Work order >> Copy out the data below from the line containing "Canadian excess deaths" to the line containing "老河口市军用机场观景台张拉膜", both lines included, with all images left out.

Data for this exercise >>
--*--

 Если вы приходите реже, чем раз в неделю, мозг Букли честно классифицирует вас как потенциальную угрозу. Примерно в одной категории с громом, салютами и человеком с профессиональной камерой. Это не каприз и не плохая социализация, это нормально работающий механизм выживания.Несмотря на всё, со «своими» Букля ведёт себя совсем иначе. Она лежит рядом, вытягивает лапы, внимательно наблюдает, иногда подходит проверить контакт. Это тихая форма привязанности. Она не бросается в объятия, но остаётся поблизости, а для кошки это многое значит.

--*--

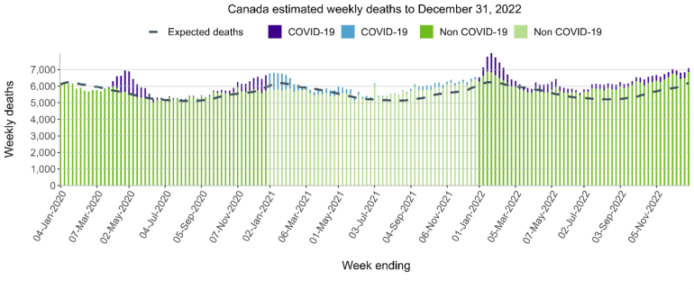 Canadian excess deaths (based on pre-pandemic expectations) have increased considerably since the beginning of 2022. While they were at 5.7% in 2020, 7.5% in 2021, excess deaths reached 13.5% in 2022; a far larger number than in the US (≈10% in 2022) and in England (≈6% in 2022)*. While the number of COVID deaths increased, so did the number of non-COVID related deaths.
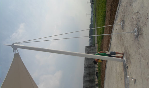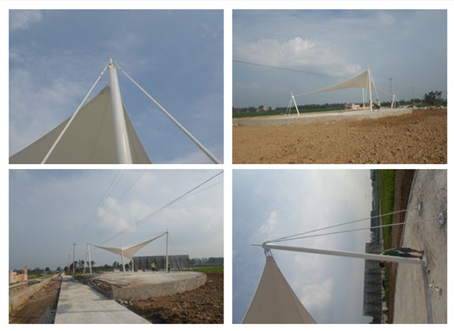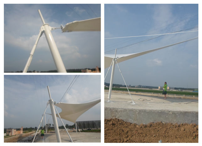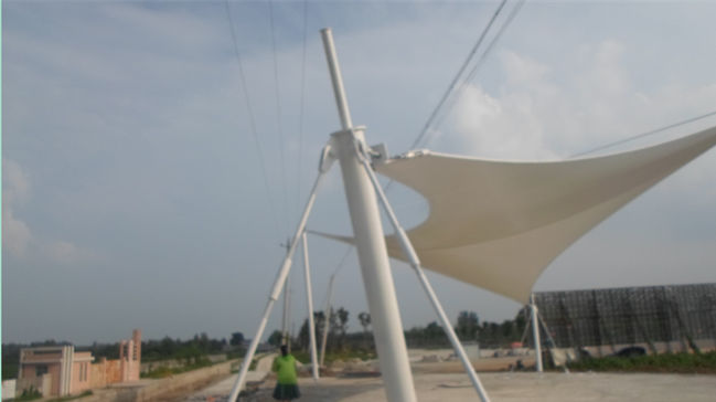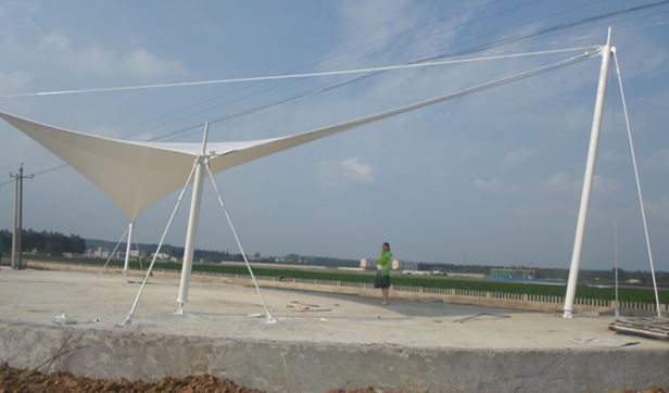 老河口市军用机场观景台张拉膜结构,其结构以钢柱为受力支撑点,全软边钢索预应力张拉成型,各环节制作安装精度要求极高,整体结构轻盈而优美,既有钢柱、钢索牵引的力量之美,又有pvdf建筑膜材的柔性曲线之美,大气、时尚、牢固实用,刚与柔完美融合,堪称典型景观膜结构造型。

--*--

Problem solution >>
 Canadian excess deaths (based on pre-pandemic expectations) have increased considerably since the beginning of 2022. While they were at 5.7% in 2020, 7.5% in 2021, excess deaths reached 13.5% in 2022; a far larger number than in the US (≈10% in 2022) and in England (≈6% in 2022)*. While the number of COVID deaths increased, so did the number of non-COVID related deaths.
 老河口市军用机场观景台张拉膜结构,其结构以钢柱为受力支撑点,全软边钢索预应力张拉成型,各环节制作安装精度要求极高,整体结构轻盈而优美,既有钢柱、钢索牵引的力量之美,又有pvdf建筑膜材的柔性曲线之美,大气、时尚、牢固实用,刚与柔完美融合,堪称典型景观膜结构造型。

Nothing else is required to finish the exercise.